INPUT RECORDS.
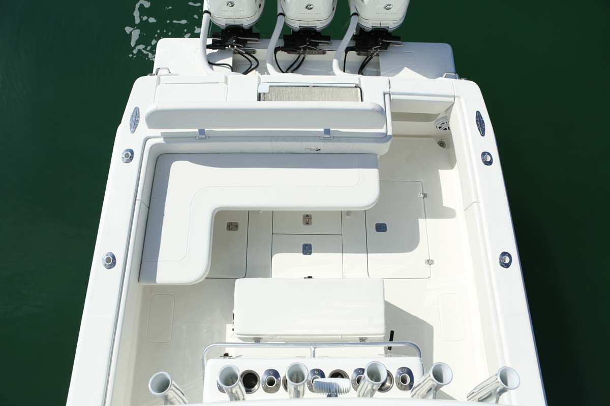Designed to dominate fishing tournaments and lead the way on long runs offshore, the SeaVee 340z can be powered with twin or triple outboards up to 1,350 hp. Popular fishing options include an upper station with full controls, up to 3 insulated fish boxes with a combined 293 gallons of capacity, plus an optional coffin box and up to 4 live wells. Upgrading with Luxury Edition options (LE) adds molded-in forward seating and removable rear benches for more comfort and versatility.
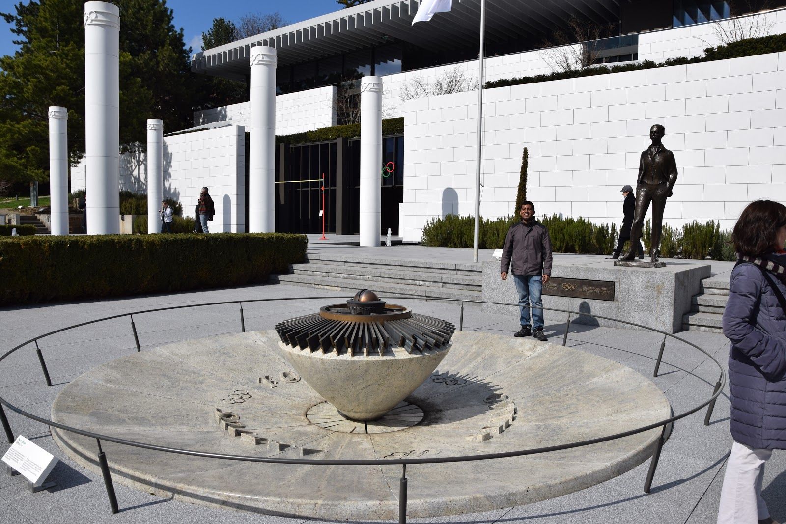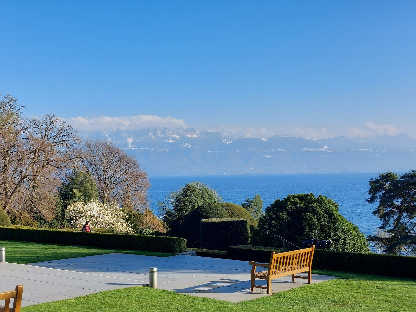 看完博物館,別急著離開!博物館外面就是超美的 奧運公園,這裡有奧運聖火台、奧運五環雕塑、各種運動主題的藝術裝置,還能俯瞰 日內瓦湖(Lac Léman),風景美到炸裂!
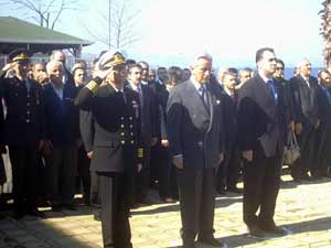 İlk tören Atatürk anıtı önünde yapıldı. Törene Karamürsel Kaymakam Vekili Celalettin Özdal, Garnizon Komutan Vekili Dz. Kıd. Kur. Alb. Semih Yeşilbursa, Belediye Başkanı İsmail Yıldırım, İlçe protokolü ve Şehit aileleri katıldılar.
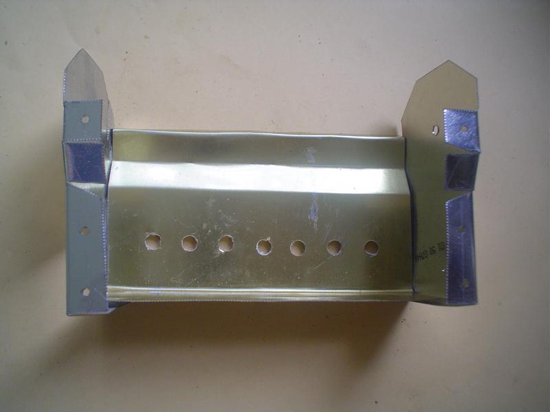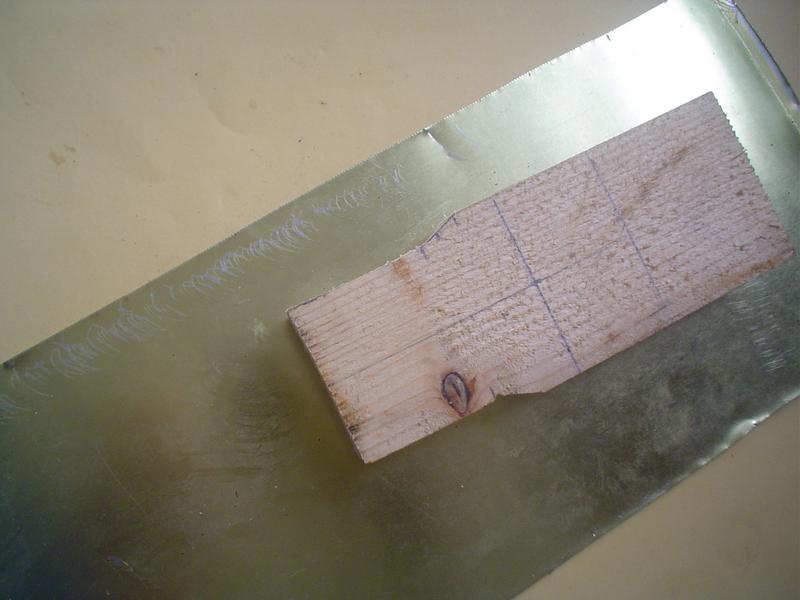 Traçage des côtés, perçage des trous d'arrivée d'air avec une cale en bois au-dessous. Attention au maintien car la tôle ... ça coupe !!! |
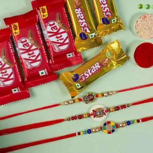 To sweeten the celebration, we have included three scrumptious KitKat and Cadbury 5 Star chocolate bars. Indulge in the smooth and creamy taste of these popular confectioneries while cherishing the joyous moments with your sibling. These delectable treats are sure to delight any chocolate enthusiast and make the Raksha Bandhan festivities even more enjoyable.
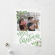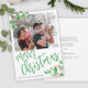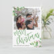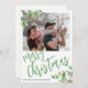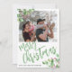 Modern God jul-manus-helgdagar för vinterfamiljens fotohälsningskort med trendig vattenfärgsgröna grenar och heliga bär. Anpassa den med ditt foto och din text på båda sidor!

WHAT THE TASK ASKS. All lines from the one containing "İlk tören Atatürk" to the last line of the data above, both included, should be printed exactly, and the pictures should not appear.

YOUR SOLUTION.
 İlk tören Atatürk anıtı önünde yapıldı. Törene Karamürsel Kaymakam Vekili Celalettin Özdal, Garnizon Komutan Vekili Dz. Kıd. Kur. Alb. Semih Yeşilbursa, Belediye Başkanı İsmail Yıldırım, İlçe protokolü ve Şehit aileleri katıldılar.
 Traçage des côtés, perçage des trous d'arrivée d'air avec une cale en bois au-dessous. Attention au maintien car la tôle ... ça coupe !!! |
 To sweeten the celebration, we have included three scrumptious KitKat and Cadbury 5 Star chocolate bars. Indulge in the smooth and creamy taste of these popular confectioneries while cherishing the joyous moments with your sibling. These delectable treats are sure to delight any chocolate enthusiast and make the Raksha Bandhan festivities even more enjoyable.
 Modern God jul-manus-helgdagar för vinterfamiljens fotohälsningskort med trendig vattenfärgsgröna grenar och heliga bär. Anpassa den med ditt foto och din text på båda sidor!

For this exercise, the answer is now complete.